Accurately recording the type and severity of congenital red-green color vision deficiency is useful for genetic counseling based on the pattern of X-linked recessive inheritance. Some carrier women show a slight widening of the color-matching range, and detailed evaluation with an anomaloscope can sometimes help support carrier diagnosis6).
Because the equipment is expensive and requires skill to use, it is limited to university hospitals and specialized ophthalmology facilities. Many general eye clinics do not have an anomaloscope.
The global prevalence of congenital red-green color vision deficiency is about 8% in men and about 0.5% in women, with differences among populations1). Prevalence varies by ethnicity and region, and in Japanese men about 5% and women about 0.2% have been reported. Because of this high prevalence, it is considered important to establish appropriate color vision testing systems in school health screenings and pre-employment examinations7).

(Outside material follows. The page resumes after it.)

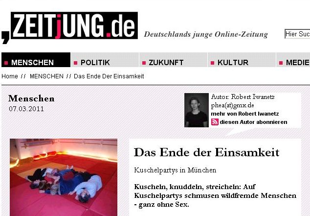 Das Ende der EinsamkeitKuschelpartys in MünchenKuscheln, knuddeln, streicheln: Auf Kuschelpartys schmusen wildfremde Menschen - ganz ohne Sex.Stell dir vor: Du wirst ertastet. Fremde Finger erkunden deinen Körper. Und du tastest selbst. Zaghaft streichelst du Hände, Zehen; wirst mutiger, berühst Rücken, Bäuche und Köpfe. Der Schauer setzt ein. Das Verlangen nach Berührung wird stärker, ein angenehmes Gefühl breitet sich aus. Wie du bereits weisst, bist du nicht allein. Um dich herum liegen 25 Menschen auf gelben, orangen und roséfarbenen Turnmatten. Sie alle sind engumschlungen. Das Licht ist gedämpft, nur ein paar LED-Ketten leuchten. Die Stimmung ist wohlig und schlaftrunken. Ein Mann stöhnt, es klingt nach Genugtuung. Keine Szene aus "Die 120 Tage von Sodom" Keine Angst: Du bist nicht Teil einer Szene aus Pier Paolo Pasolinis „Die 120 Tage von Sodom“. Du bist in einem Tanzstudio mit Dielenboden und einer verspiegelten Wand. Normalerweise lernen Kinder und Erwachsene hier Jazz- und Showtänze, aber an diesem Freitagabend liegen die Dinge ein bisschen anders. Eine der Teilnehmerinnen, sie heißt Annika, erzählt: „Eigentlich wollte ich auf ein Tantraseminar.“ Und so ähnlich dürften auch deine Gedanken im Moment sein, oder? Annika, 26, sieht ein bisschen aus wie Kristen Stewart, die Hauptdarstellerin aus den Twilight-Filmen. Sie ist hier, weil sie einen neuen Umgang mit Körperkontakt lernen möchte. Ihr Freund führt eine offene Beziehung, weswegen Annika nun lernen will, sich auf Nähe einzulassen, die nichts mit Beziehungen zu tun hat. Es ist einer der möglichen Gründe, warum Menschen hierherkommen. Die anderen heißen: Neugier, Einsamkeit, möglicher Singletreff, Unverbindlichkeit, Genuss und Zärtlichkeit. Sie alle führen ins Herz des Münchner Szenebezirks Schwabing - auf eine Kuschelparty. Unglücklich übersetzt Bitte, was? Eine Kuschelparty? „Unglücklich übersetzt“, erklärt Kuschelmeister Gerhard, der sonst ähnliche Treffen leitet, heute aber nur Teilnehmer ist. „Aber wie soll man es denn stattdessen nennen?“ Ihren Ursprung hatte die Szene in New York, wo 2004 die erste „Cuddle Party“ stattfand. Bereits ein Jahr später folgten die ersten Veranstaltungen in Berlin und München. Allein in der bayrischen Landeshauptstadt gab es zwischenzeitlich vier Anbieter, bei denen man wahlweise auf Matten und im Wasser kuscheln kann, bei denen gerauft oder getanzt wird. Auch an diesem Abend beginnt die Kuschelparty mit Tanz. Es erklingt Ethno-Musik, die aus dem Auenland stammen könnte, der Heimat der Hobbits, und nach der sich die Teilnehmer bewegen sollen. Das Motto dabei gleicht dem Refrain des Neue Deutsche Welle-Hits „Major Tom“ von Peter Schilling: „Völlig losgelöst, von der Erde.“ Sofort wird deutlich, wer schon öfter hier war und sich dementsprechend gehen lässt, und wer stocksteif dasteht und mit dem eigenen Schamgefühl kämpft. Ralf, einer der männlichen Teilnehmer, verweigert sogar die vollen folgenden 40 Minuten jede Form von Tanzbemühungen. Abwegiges Wellness-Programm Nach dem Tanzen besteht die Aufgabe darin, wahllos vor einem anderen Teilnehmer innezuhalten und ihm ein Kompliment zu machen. Was sagt man da? Hübsches Lächeln, starke Ausstrahlung, tolles Körpergefühl? Viele der Antworten lauten so, sie sind Balsam für den Teil der Seele, der Selbstwertgefühl heißt. Vielleicht soll gerade dieser Part bewusst machen, dass eine Kuschelparty keine „normale“ Party, kein Esoterik-Seminar und kein Swinger-Club-Besuch sein soll, sondern ein Ort der Zufriedenheit - ein etwas abwegiges Wellness-Programm, bei der man keine Reflexzonenmassage bekommt, sondern zusammen einem schamanisches Mantra lauscht und sich etwas wünschen soll. Das Ende der Einsamkeit, zum Beispiel. Vermittlungsquote änlich wie bei anderen Single-Veranstaltungen „Als ich das erste Mal hierherkam, war ich so ausgehungert nach Nähe, dass mir die Tränen kamen“, erzählt die 49-jährige Cornelia. „Doch dann zu spüren: Ich kann noch fühlen - das war überwältigend.“ Heute lebt die Bürokauffrau wieder in einer Beziehung, ihren Freund hat sie auf einer Kuschelparty kennengelernt. Eine Ausnahme ist Cornelia damit nicht, die Vermittlungsquote der Kuschelpartys ist ähnlich hoch wie auf anderen Single-Veranstaltungen, schätzt Kuschelmeister Gerhard. „Der Unterschied ist nur, dass bei uns jeder zufrieden rausgeht.“ Wie viele Singles es in Deutschland gibt, lässt sich nicht exakt beziffern, nur einkreisen. In den letzten Jahren wurden jeweils rund 200.000 Ehen geschieden, und in fast 40 Prozent der Haushalte lebt nur eine Person - Tendenz steigend. Jeder einzelne dieser Menschen sehnt sich nach Zuneigung, doch in unserer Gesellschaft existiert Nähe nur in Kombination mit Beziehungen. „In Deutschland gibt man sich die Hand, oder man geht ins Bett - dazwischen gibt’s nichts!“, so Gerhard, der hauptberuflich als Unternehmensberater tätig ist. „Wir probieren die Lücke dazwischen zu füllen.“ Vorbehalte durch Missbrauchsskandal Doch die Vorbehalte sind groß. „Die typische Antwort auf die Frage, ob man zu einer Kuschelparty gehen würde, lautet: Ich kann mir das nicht vorstellen.“ Kuscheln sei für die meisten das, was vor und nach dem Sex passiere, sagt der 51-jährige. „Die Leute reden sich ein: ‚Das hab ich nicht nötig‘ und belügen sich selbst damit.“ Doch neben den persönlichen, gibt es auch gesellschaftliche Vorbehalte. Nach den Missbrauchsskandalen am Berliner Canisius-Kolleg und der Odenwaldschule hat das Thema Nähe eine neue Brisanz bekommen. Gerhard, der neben den Kuschelpartys auch „Raufen für Kinder“ veranstaltet, spürt das immer öfter. „Neulich wollte mich vor dem Raufen ein sechsjähriges Mädchen umarmen, weil sie sich freute, mich zu sehen. Und was macht der Sozialarbeiter der Einrichtung? Ermahnt sie sofort: ‚Du darfst nicht auf fremde Männer zugehen‘“. 20 Euro Teilnahmegebühr Bereits im

Conventional optical anomaloscopes use halogen lamps and interference filters, but in recent years development has advanced for LED- and monitor-based digital anomaloscopes3). Digitalization is expected to improve portability and make it possible to perform the test outside specialist facilities.
Research is being conducted on simple color matching tests using the display of smart devices. However, because they are affected by the display’s color reproduction characteristics, calibration, and ambient lighting, they are not yet a substitute for the Nagel-type anomaloscope.
Combining genotype analysis of the L and M genes by next-generation sequencing with phenotypic evaluation using an anomaloscope is advancing research to precisely analyze the relationship between the types of hybrid genes and the color matching range6). Clarifying the correspondence between genotype and phenotype is expected to help improve the accuracy of genetic counseling.